LEON GREGORIAN: It will be a world premiere with Phillip Sinder as our soloist. It's a very, very interesting work. And with Phillip Sinder, actually, it features the percussion section, four wonderful percussion players who really add a lot of flavor to this piece.
It's very interesting. Usually the three movements that we normally associate with concertos, they're like, Allegro, Adagio, or Vivace. Now, Ron Newman writes, "First Movement: Interactions, Resulting Reactions." Second movement is "Clarity with a Touch of Nostalgia" Three: "Maynard Ferguson Played the Valve Trombone." So, it's, there's a certain amount of humor in this and virtuoso work, but very listenable.
MELISSA BENMARK: Because a concerto for an instrument like a tuba is so unusual, what do you think can take that from being something that people sort of regard as a novelty, to being something that people just really stop thinking about as unusual and just get into and enjoy the piece.
GREGORIAN: Well, first of all, normally when you hear the tuba, you always hear the tuba in the middle of the low range. In the concerto, you hear the high range. I never realized how beautiful the high range really is, and the sound is, I would say, close to the French horn sound, but a little more weight to it. I think more people should write for the tuba. I think it's a very poetic instrument.
BENMARK: You also have (Ravel's) "Daphnis and Chloe" on the program, which strikes me as being difficult, perhaps, in the sense that it is just so, rhythmically, just sort of floats in places. Tell me about the experience of conducting that.
GREGORIAN: Well, the second half is all Impressionistic, with the Debussy "Nocturnes" and then Maurice Ravel, "Daphnis and Chloe: Suite #2," which of course is from the ballet, and the most often three movements that is played in a concert version of it.
It is very challenging, not so much for the conductor but the soloists and the orchestra members. Because there's very soloistic writing in the woodwinds. Great imitation of birds, and the Sunrise, the Pantomime and then the General Dance.
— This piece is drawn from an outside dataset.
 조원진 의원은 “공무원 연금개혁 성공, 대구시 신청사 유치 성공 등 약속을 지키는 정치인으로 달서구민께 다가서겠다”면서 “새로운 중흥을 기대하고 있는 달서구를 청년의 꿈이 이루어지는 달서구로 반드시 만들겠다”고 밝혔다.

I mean, he doesn't stop, it, you know, it just gets more adventurous as it goes on, and so on.
So, it's really a virtuoso work for the entire orchestra, and there is no secondary role. Everybody is a soloist, you know. And I think that's what makes it so exciting. Plus, the fact that Ravel is such an incredible orchestrator. When he says "Sunrise," you do hear, and you visualize the sunrise. Even though you don't see it, you know that's what that is. And that's generally...the excitement is just unbelievable.
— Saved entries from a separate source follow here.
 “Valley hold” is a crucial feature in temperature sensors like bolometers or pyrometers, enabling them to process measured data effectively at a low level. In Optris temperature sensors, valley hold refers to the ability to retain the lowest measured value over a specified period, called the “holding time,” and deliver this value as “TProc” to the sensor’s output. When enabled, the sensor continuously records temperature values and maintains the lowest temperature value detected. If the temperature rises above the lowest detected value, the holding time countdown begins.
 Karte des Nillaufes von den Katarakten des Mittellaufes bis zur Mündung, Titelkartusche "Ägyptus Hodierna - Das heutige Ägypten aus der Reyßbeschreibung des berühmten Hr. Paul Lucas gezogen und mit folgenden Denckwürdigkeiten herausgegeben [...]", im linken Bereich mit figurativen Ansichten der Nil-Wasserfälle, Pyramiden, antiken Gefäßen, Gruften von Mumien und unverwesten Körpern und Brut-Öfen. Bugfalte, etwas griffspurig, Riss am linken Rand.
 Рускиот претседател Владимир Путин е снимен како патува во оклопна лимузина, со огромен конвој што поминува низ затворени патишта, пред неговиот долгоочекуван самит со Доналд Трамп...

BENMARK: Can you tell when you're playing the music of someone who was primarily a single instrumentalist, versus someone who's so noted for orchestrations like Ravel. Can you tell that there's a love of the orchestra as an instrument?
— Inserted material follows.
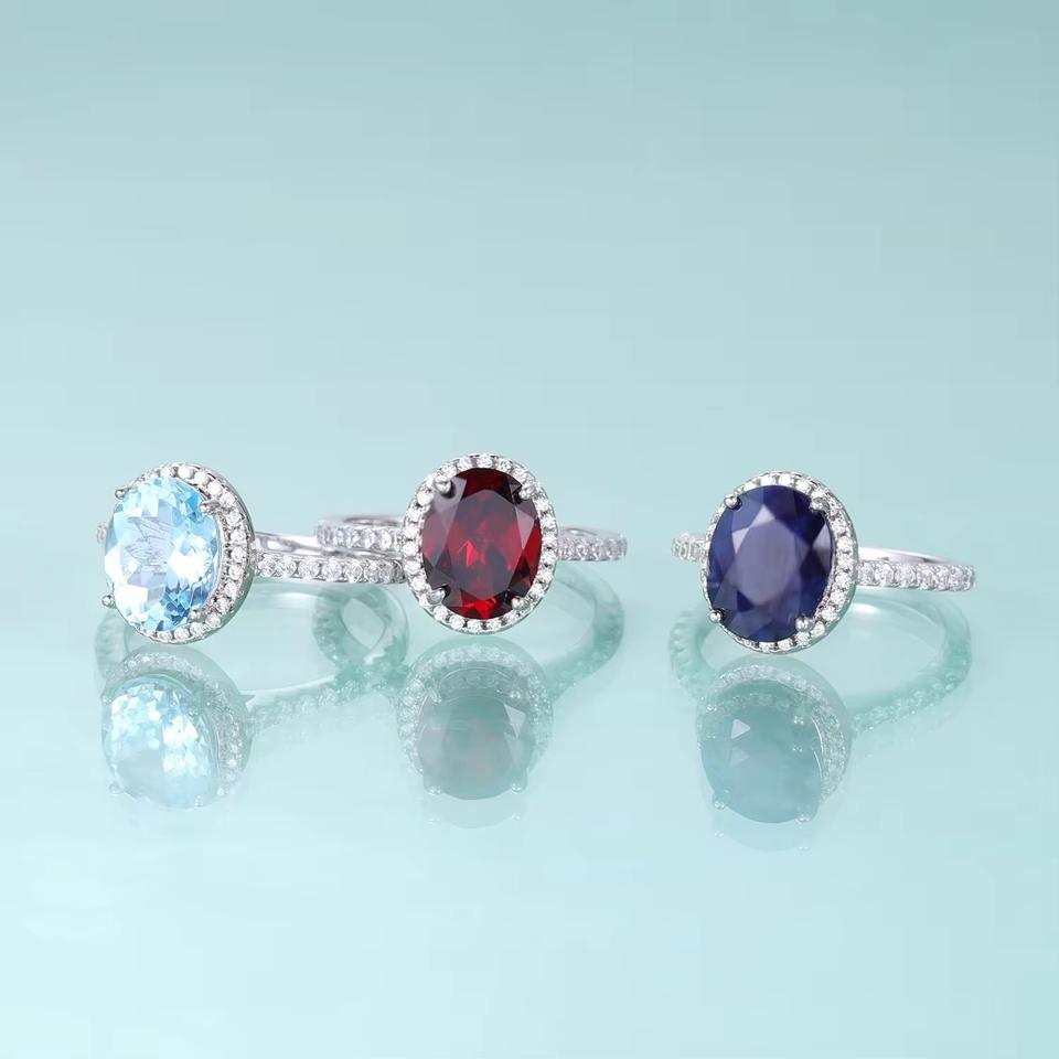 925 Sterling Silver Jewelry R014 Natural Gemstone Sky Blue Topaz Sapphire Ruby Amethyst Opal Crystal Ring Wholesale Thailand

GREGORIAN: Oh, I think so. I think so. You know, the Russians, I will say Rimsky-Korsakov. The French will say Debussy, Ravel. You know, Americans will probably say Copland and Bernstein. So, there is a difference, there is a difference, and a pleasant difference. You know, you really see them at their very best. Because not only do they write good melodies, good rhythm, what have you, but their imagination is unbelievable, just unbelievable. And what they can do with a few instruments is just beyond me.